What the exercise asks:
Repeat only the lines below that run from the line with "Смешанная планировка: зона" to the line with "Pour la cuisson", ends included; skip every picture.
----- Exercise materials -----
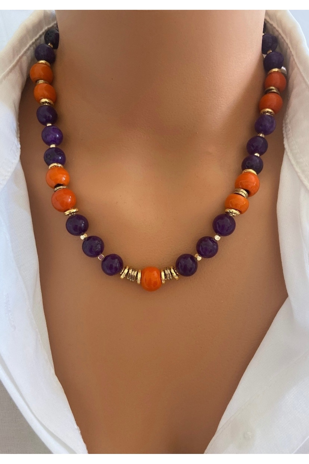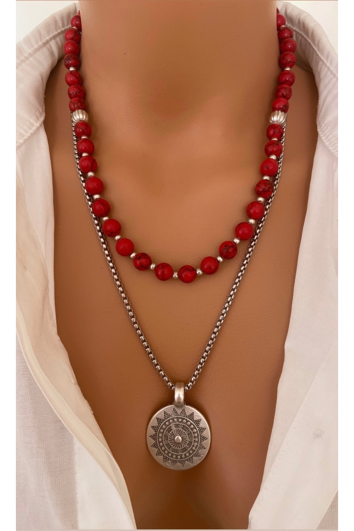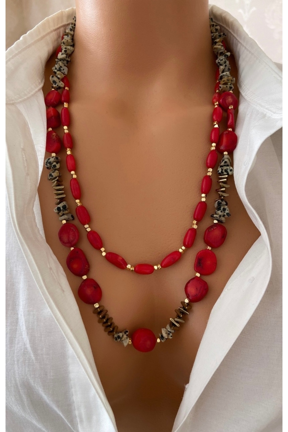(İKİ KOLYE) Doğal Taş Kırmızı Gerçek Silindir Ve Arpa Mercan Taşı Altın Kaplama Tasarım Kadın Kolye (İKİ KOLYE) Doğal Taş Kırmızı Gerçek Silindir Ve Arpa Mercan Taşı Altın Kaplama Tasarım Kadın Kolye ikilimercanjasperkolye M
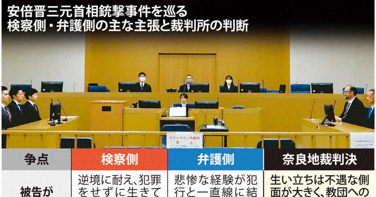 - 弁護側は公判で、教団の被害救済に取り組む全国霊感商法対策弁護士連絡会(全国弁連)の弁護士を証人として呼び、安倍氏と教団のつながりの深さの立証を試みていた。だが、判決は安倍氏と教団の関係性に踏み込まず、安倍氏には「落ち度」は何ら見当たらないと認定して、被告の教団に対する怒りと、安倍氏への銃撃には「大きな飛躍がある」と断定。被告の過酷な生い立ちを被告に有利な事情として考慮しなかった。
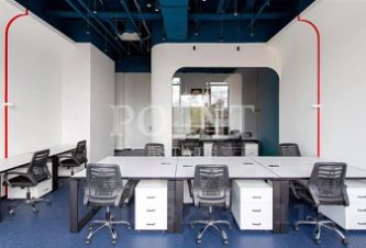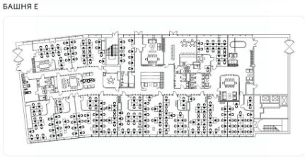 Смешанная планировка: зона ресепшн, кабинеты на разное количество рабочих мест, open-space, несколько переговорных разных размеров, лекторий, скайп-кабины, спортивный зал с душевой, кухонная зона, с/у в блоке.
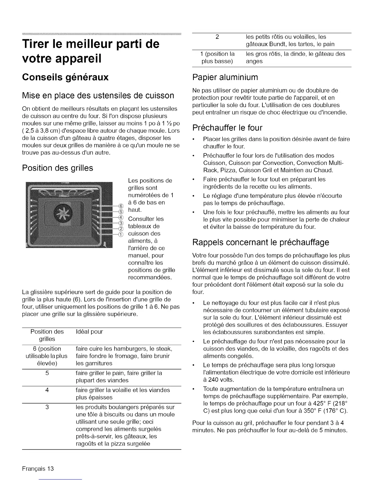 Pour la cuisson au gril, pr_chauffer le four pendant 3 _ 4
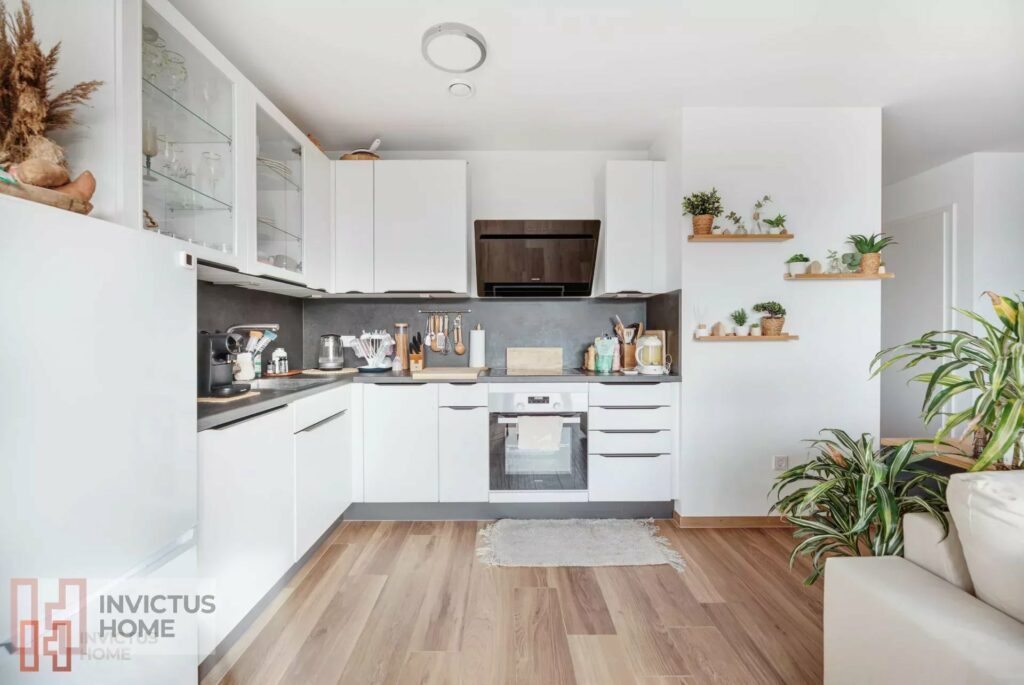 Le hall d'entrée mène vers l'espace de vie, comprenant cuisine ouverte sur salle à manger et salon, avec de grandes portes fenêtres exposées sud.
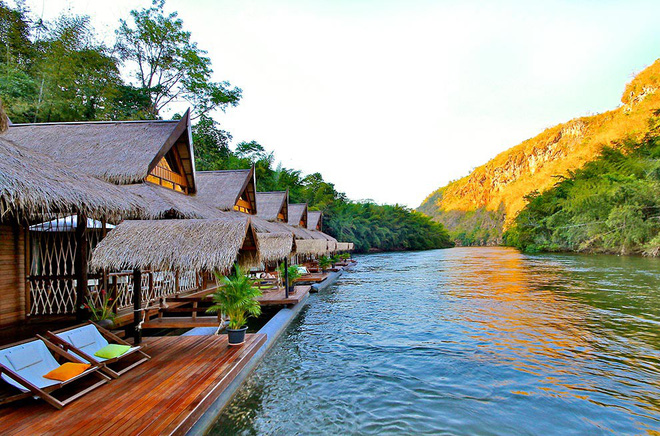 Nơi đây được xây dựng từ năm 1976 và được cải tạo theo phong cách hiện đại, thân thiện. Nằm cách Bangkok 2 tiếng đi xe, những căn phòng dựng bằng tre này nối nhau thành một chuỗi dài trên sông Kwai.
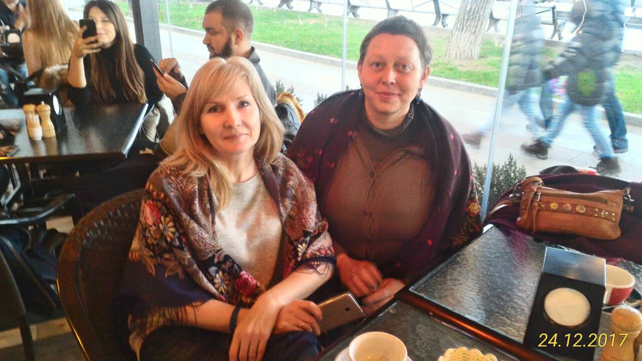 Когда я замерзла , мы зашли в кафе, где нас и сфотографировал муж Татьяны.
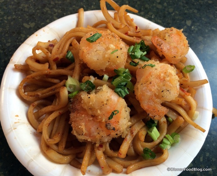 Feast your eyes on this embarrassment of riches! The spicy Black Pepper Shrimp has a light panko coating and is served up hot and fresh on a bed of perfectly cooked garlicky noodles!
-----
Response to this task:
 Смешанная планировка: зона ресепшн, кабинеты на разное количество рабочих мест, open-space, несколько переговорных разных размеров, лекторий, скайп-кабины, спортивный зал с душевой, кухонная зона, с/у в блоке.
 Pour la cuisson au gril, pr_chauffer le four pendant 3 _ 4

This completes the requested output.